- Madison Masonic Temple
- U.S. National Register of Historic Places
- Location: 229 N. Egan Ave., Madison, South Dakota
- Coordinates: 44°0′25″N 97°6′48″W﻿ / ﻿44.00694°N 97.11333°W
- Area: less than one acre
- Built: 1906
- Architect: Joseph Schwarz, Sr.
- Architectural style: Classical Revival
- NRHP reference No.: 89002335
- Added to NRHP: January 26, 1990

= Madison Masonic Temple (Madison, South Dakota) =

The Madison Masonic Temple in Madison, South Dakota is a building from 1906. It was listed on the National Register of Historic Places in 1990. It was demolished in 2015 due to falling into disrepair.

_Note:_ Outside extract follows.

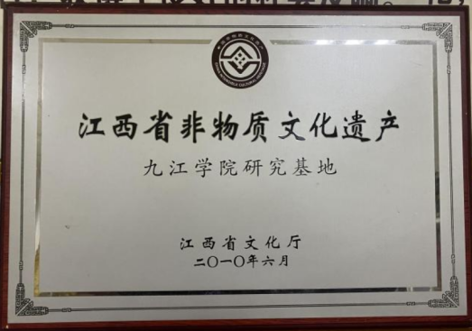 2007年6月9日我国第二个非物质文化遗产日,九江学院与九江市湖口县签订了传承青阳腔戏曲艺术合作协议,并成立了“青阳腔戏曲艺术中心”,首开高校和地方联合保护、传承地方戏曲的先河。同年11月22日,在湖口县付垅乡成立了“青阳腔戏曲艺术教学实践基地”。2009年6月12日,九江学院非物质文化遗产陈列馆开馆。2010年6月11日,“江西省非物质文化遗产九江学院研究基地”正式落户太阳集团官网网址,成为江西省第一个非物质文化遗产研究基地。2015年11月,学院民族民间艺术研究院被确定为“江西省文化艺术科学重点研究基地”。2019年2月,再次成为“江西省非物质文化研究基地”。2019年12月,被确定为文旅部中国非物质文化遗产传承人群研培计划参与院校。
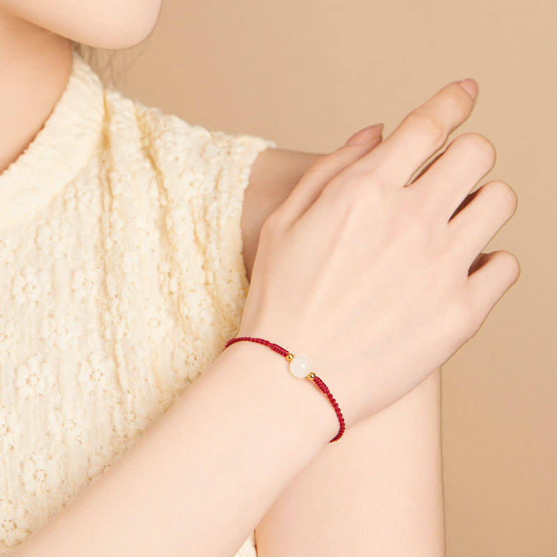 Buddha Stones Handcrafted Round Jade Lucky Bead Prosperity Braided Bracelet

It has also been known as Evergreen Lodge No. 17 A.F. & A.M.. It is a two-story masonry Classical Revival-style building on a raised basement, with a portico incorporating Ionic columns. Doors and windows are topped by flat brick arches with terra cotta keystones. Terra cotta is also used in cornices and in plaques beside the building's portico. It has a shallow roof being a parapet.

Which of several Masonic groups were meeting was originally indicated by colored lamps upon a metal pole rising from the center of the parapet.